Exercise requirements: The entries shown here must be retyped in full, with no pictures included.

Records drawn from a dataset
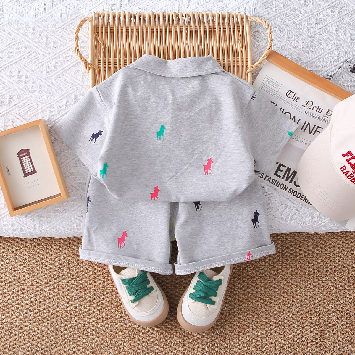Set de 2 piese cu guler clasic, broderii colorate și pantaloni scurți Polo Game Grey
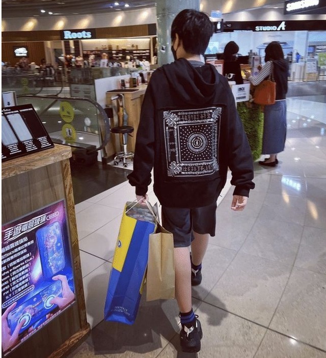 Kimi和妈妈一起去购物,还帮她提购物袋。真是个小暖男。
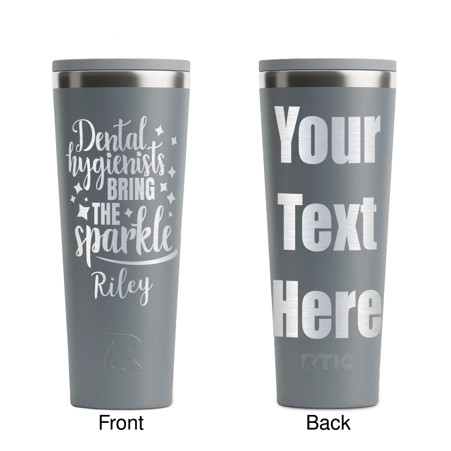 For the foreground, we used a fun quote that says "Be nice to me, I control sharp instruments #dental hygienist"Dental Hygienists bring the sparkle". We chose to personalize it with a name underneath. We used black for our color. You can customize the graphics, the colors as well as the personalization. Enjoy customizing it to make it yours.
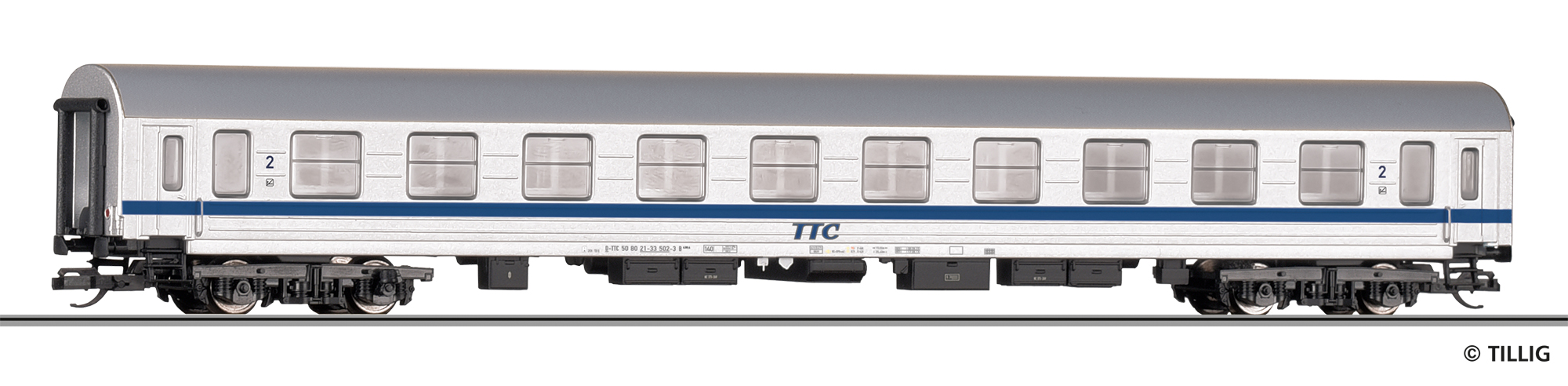 | rychlíkový vůz v barevném schematu „TILLIG-TT-Club“ 2. tř. |
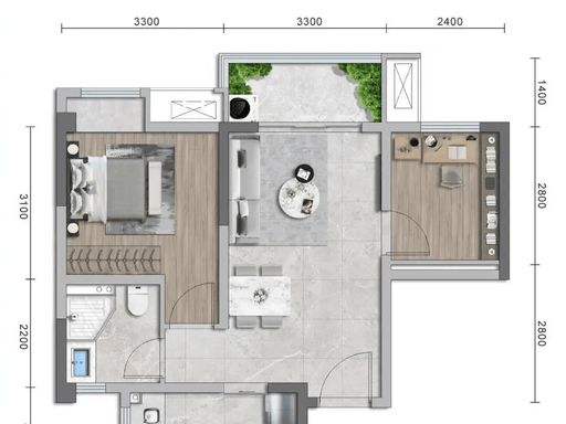 2 栋精装住宅 + 1 栋写字楼 + 社区商业街

Expected output:
Set de 2 piese cu guler clasic, broderii colorate și pantaloni scurți Polo Game Grey
 Kimi和妈妈一起去购物,还帮她提购物袋。真是个小暖男。
 For the foreground, we used a fun quote that says "Be nice to me, I control sharp instruments #dental hygienist"Dental Hygienists bring the sparkle". We chose to personalize it with a name underneath. We used black for our color. You can customize the graphics, the colors as well as the personalization. Enjoy customizing it to make it yours.
 | rychlíkový vůz v barevném schematu „TILLIG-TT-Club“ 2. tř. |
 2 栋精装住宅 + 1 栋写字楼 + 社区商业街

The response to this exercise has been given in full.